The DeFi sector appears set for expansive growth as well, with engagement projected to increase from 24% to an impressive 75% of investors over the next two years. Among those currently involved in or planning to enter the DeFi space, the most appealing use cases include derivatives (40%), staking (38%), and lending (34%). However, despite the optimistic views surrounding DeFi, the survey noted that considerable barriers persist. Regulatory concerns top the list, with 57% of respondents identifying regulatory uncertainties as a major hindrance, closely followed by compliance concerns at 55% and a lack of internal knowledge at 51%.
Interestingly, the survey respondents perceive regulation as both a significant risk and a prime opportunity for the future of the crypto market. Many believe that introducing comprehensive regulatory clarity—particularly regarding custody, tax treatment, and stablecoin usage—will help attract new market participants and enhance overall activity in the digital asset space. The researchers underscored the potential for a positive shift in sentiment and regulatory action, particularly with the evolving landscape in the United States and globally, which could further fuel interest in digital assets.

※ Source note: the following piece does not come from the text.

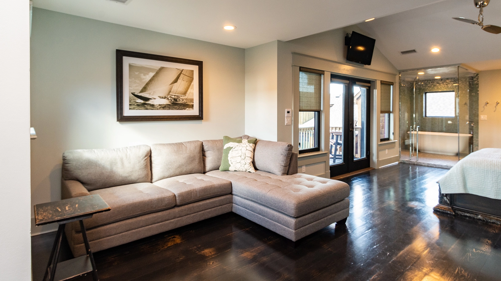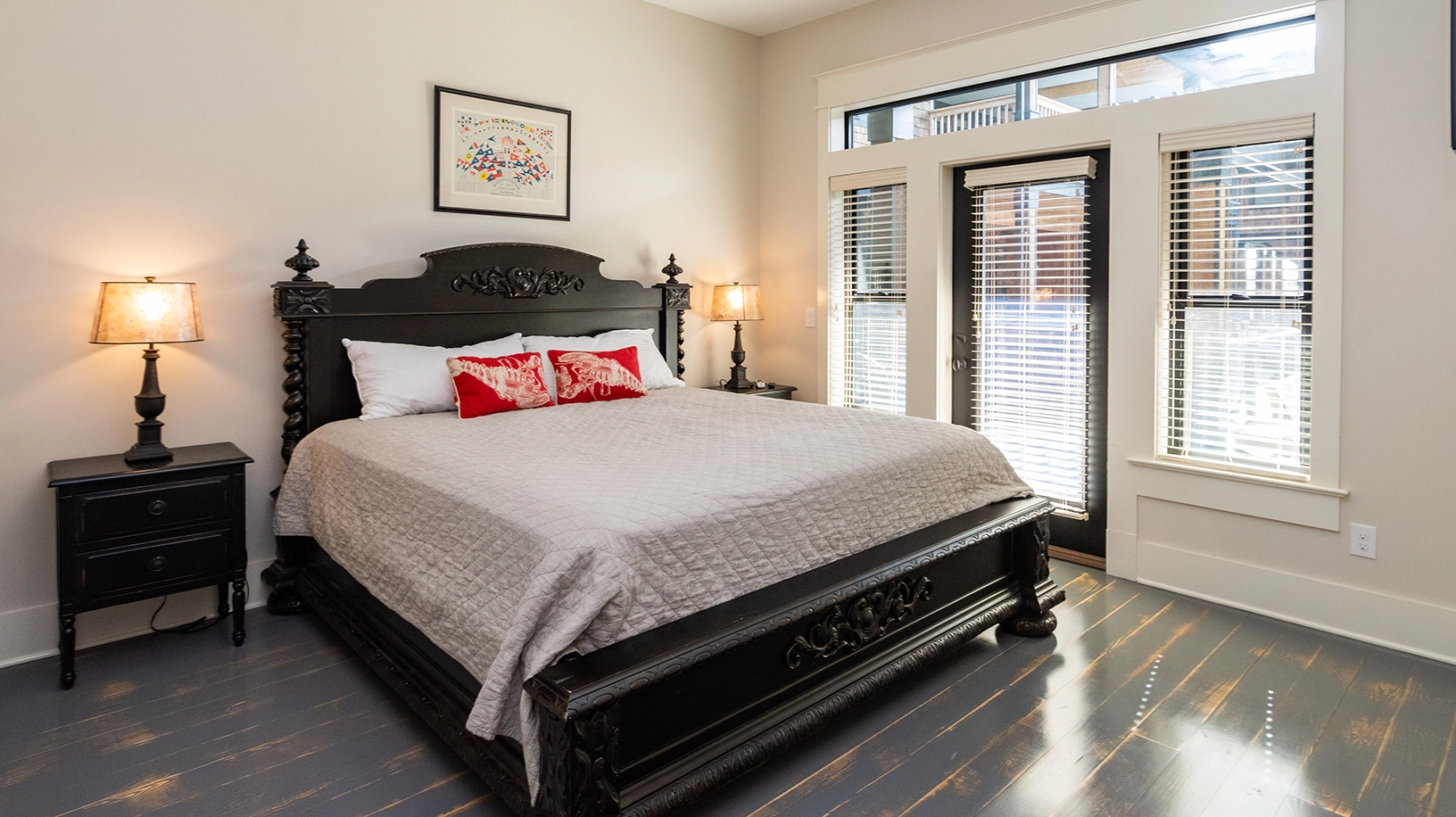 Private honeymoon grand MBR suite, which is the only bedroom in the main house, and has a balcony overlooking the pool complex.

However, it’s important to contextualize the timing of the survey results with the subsequent fluctuation in crypto prices, as Bitcoin has seen a decline from its record high. At the time of the report’s publication, Bitcoin was trading around $83,000, having dipped to $76,000 earlier in the month amid economic concerns highlighted by US President Donald Trump’s comments hinting at potential recession risks.
Overall, the survey paints a picture of an evolving landscape where institutional interest in digital assets is robust and growing, albeit with challenges to navigate. The projections for future involvement in cryptocurrencies, stablecoins, and DeFi signal an enduring belief in the sector’s potential, despite existing barriers and recent market volatility. This sentiment towards crypto indicates that institutional investors are gearing up to embrace the next phase of the digital asset revolution.